Here's Why Acura Stopped Making The SLX SUV

Keen to jump into the highly profitable and steadily burgeoning SUV craze of the mid-90s, Honda's luxury arm Acura released its first-ever SUV, the SLX, in 1996. The SLX was fundamentally a rebadged Isuzu Trooper. The two brands did a similar deal in 1993 on the first-generation Honda Passport, which was an Isuzu Rodeo with Honda branding.

Honda figured the second-gen Isuzu Trooper fit the bill for Acura's first SUV, marketing the SLX as a luxury SUV that could deliver both high-level amenities and the bulletproof performance of a good utility vehicle. Under the hood was a gutsy 3.2-liter V6 delivering 190 horsepower and 188 lb-ft. of torque.

The SLX's future was rosy at first, with Edmunds claiming in its 1996 Acura SLX Review that "the SLX is a fine vehicle delivering the prestige and comfort that Acura owners have come to expect." However, Acura stopped making the SLX after the 1999 model year in favor of the MDX, an in-house Honda design. What happened?

Acura SLX rollover controversy

Per The Auto Channel, a 1996 Consumer Reports press release gave the second-gen Isuzu Trooper — that is, the Acura SLX with a different name badge — a "Not Acceptable" safety rating when the agency discovered the vehicle's tendency to roll over when performing the Nordic moose test. The maneuver entails the driver swerving into the opposite lane and swerving back to mimic avoiding an unexpected obstacle on the road –- like a moose, for instance. According to the New York Times, the October 1996 issue of Consumer Reports even featured an upended Isuzu Trooper on its cover under the title "UNSAFE." Isuzu sued for defamation and the jury found both parties partly at fault, but the PR damage to the Trooper and its Acura-branded clone had been done.
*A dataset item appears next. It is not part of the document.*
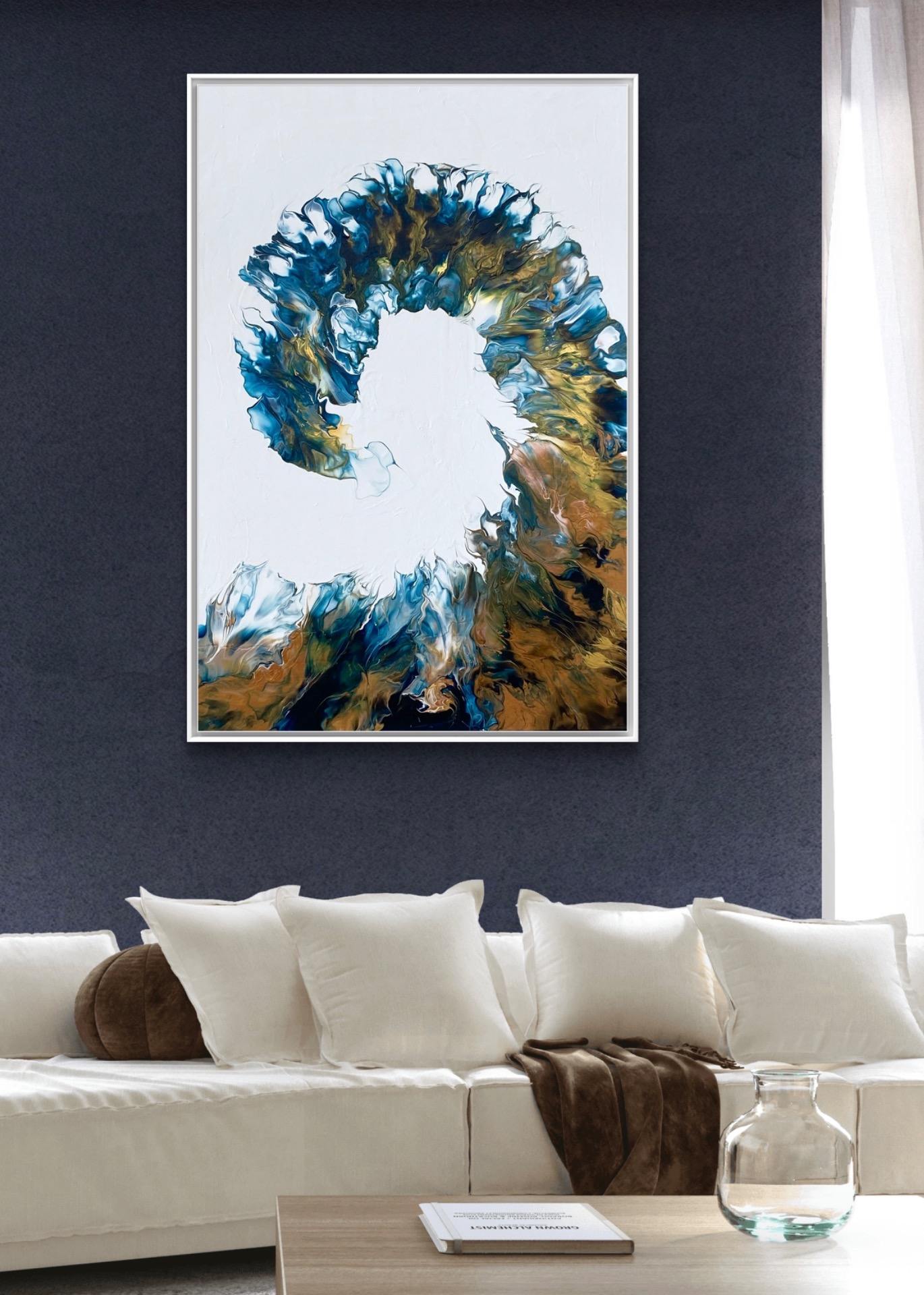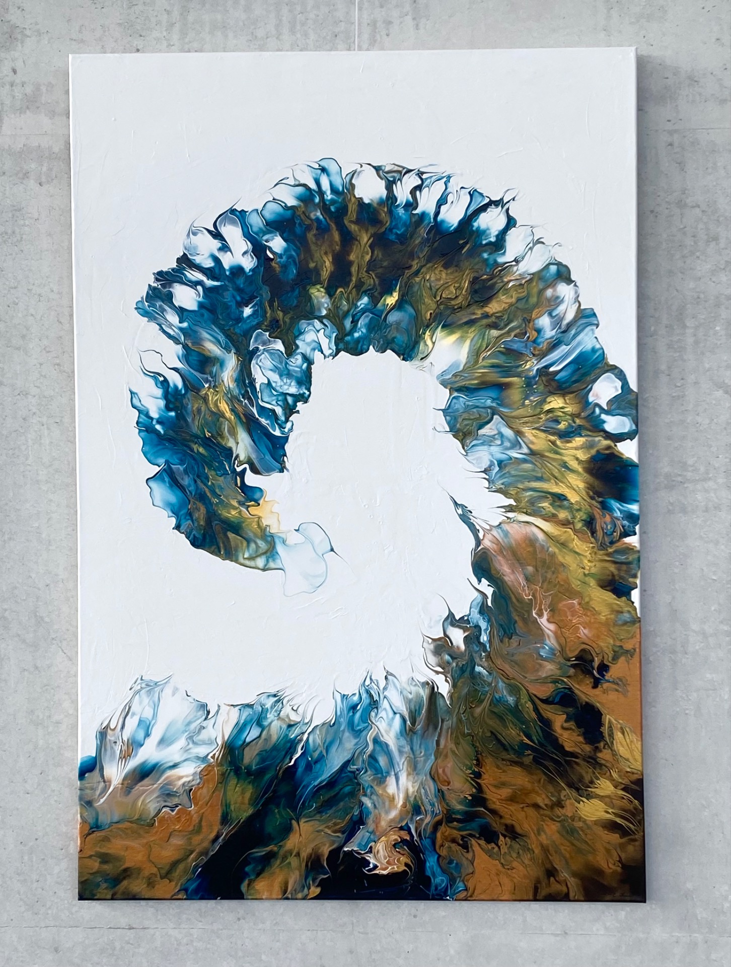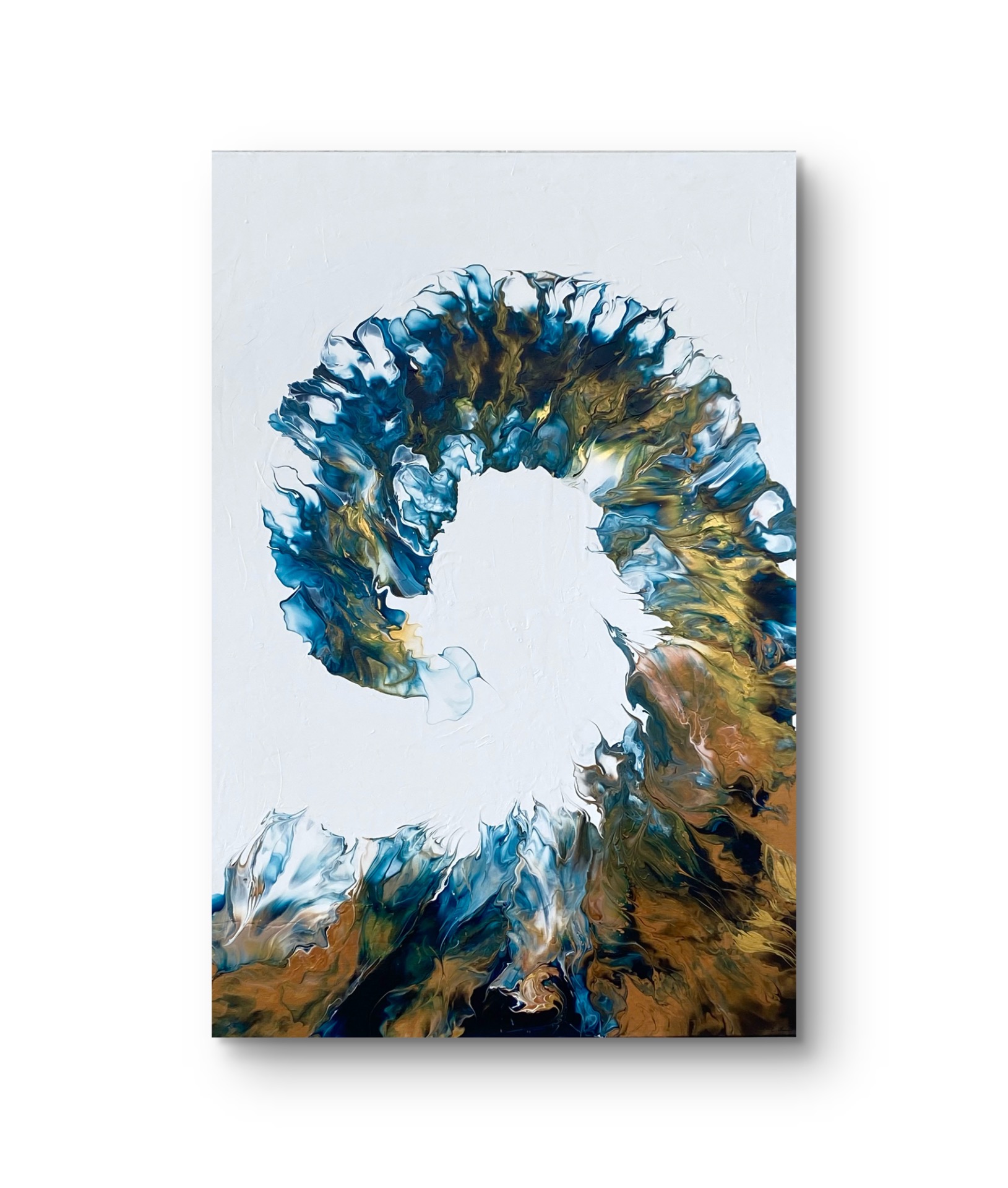 the painting's palette is a mesmerizing blend of blues, copper, and gold, evoking a sense of cosmic wonder. Shapes and forms blend seamlessly, suggesting the gentle dance of spirits as they move in harmony with one another.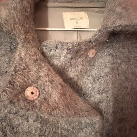 Kåpen er grå, lang,foret inne i kåpen.str 38,40.den har ikke vært i rom som er røykt i eller husdyr.

Consumer Reports eventually warmed up to the SLX in 1998 after Acura gave it an updated engine and a few other mechanical and safety mods. However, it never got rid of its unsafe image, and Acura pulled the plug after 1999. In 2019, Acura unveiled a first-gen SLX restomod with a 350-horsepower turbo four-pot engine and the brand's Super Handling All-Wheel Drive (SH-AWD), a reimagining of what could have been if Honda/Acura did it right the first time.